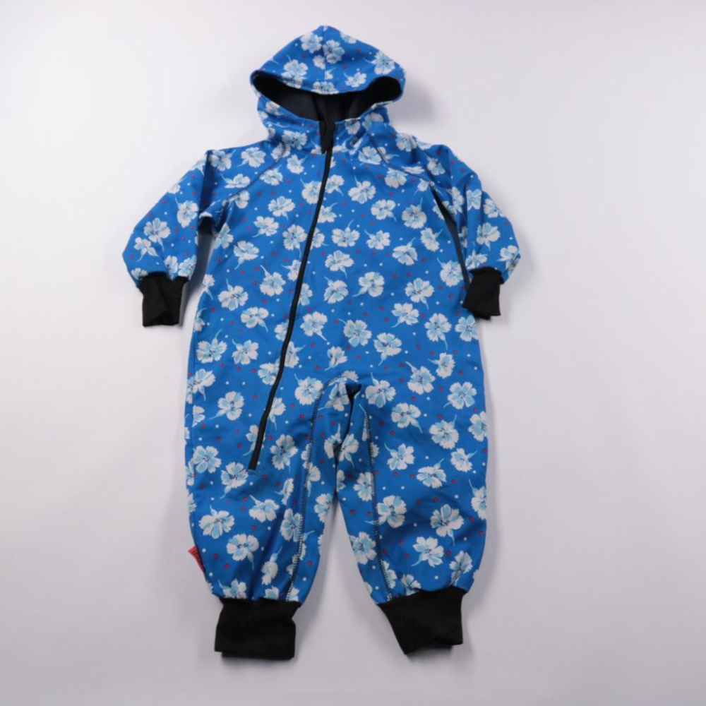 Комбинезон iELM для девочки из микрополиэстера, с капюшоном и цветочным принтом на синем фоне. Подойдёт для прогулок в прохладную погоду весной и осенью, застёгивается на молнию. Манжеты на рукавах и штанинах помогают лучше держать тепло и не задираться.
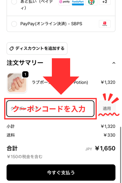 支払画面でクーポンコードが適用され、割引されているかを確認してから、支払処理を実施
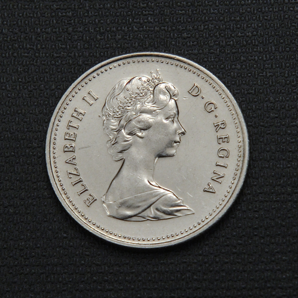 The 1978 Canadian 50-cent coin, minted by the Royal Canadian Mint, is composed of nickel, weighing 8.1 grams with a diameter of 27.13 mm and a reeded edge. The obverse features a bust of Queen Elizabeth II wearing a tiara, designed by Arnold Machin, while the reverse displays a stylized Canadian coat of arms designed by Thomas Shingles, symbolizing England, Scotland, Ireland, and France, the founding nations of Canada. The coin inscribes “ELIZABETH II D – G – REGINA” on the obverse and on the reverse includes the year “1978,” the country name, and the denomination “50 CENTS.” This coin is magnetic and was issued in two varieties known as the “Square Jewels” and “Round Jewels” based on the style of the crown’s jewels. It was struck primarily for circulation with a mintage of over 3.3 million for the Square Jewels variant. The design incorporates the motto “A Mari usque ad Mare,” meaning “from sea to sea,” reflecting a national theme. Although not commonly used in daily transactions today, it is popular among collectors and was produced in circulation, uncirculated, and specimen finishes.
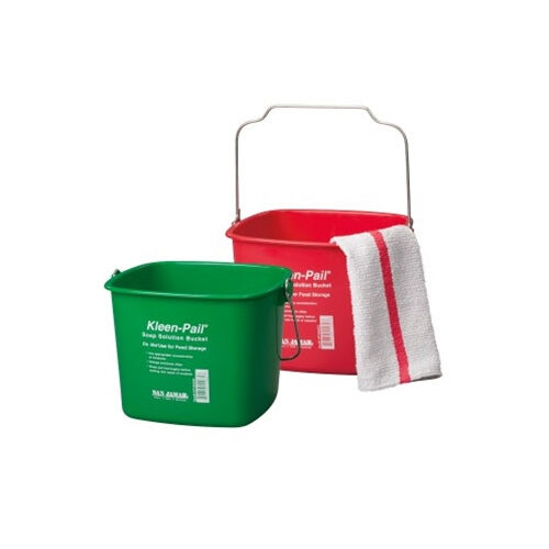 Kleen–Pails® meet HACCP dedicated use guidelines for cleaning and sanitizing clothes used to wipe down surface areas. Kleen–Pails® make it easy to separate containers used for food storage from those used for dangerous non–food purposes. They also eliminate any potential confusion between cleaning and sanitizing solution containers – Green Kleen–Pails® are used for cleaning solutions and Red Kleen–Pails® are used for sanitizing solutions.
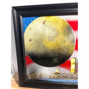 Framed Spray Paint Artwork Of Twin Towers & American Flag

> [Task to carry out] Transcribe only these lines, exactly: the first line of the listing, every line after it, and the line with "支払画面でクーポンコードが適", where the copy ends. Include no picture.

> [Completed exercise]
 Комбинезон iELM для девочки из микрополиэстера, с капюшоном и цветочным принтом на синем фоне. Подойдёт для прогулок в прохладную погоду весной и осенью, застёгивается на молнию. Манжеты на рукавах и штанинах помогают лучше держать тепло и не задираться.
 支払画面でクーポンコードが適用され、割引されているかを確認してから、支払処理を実施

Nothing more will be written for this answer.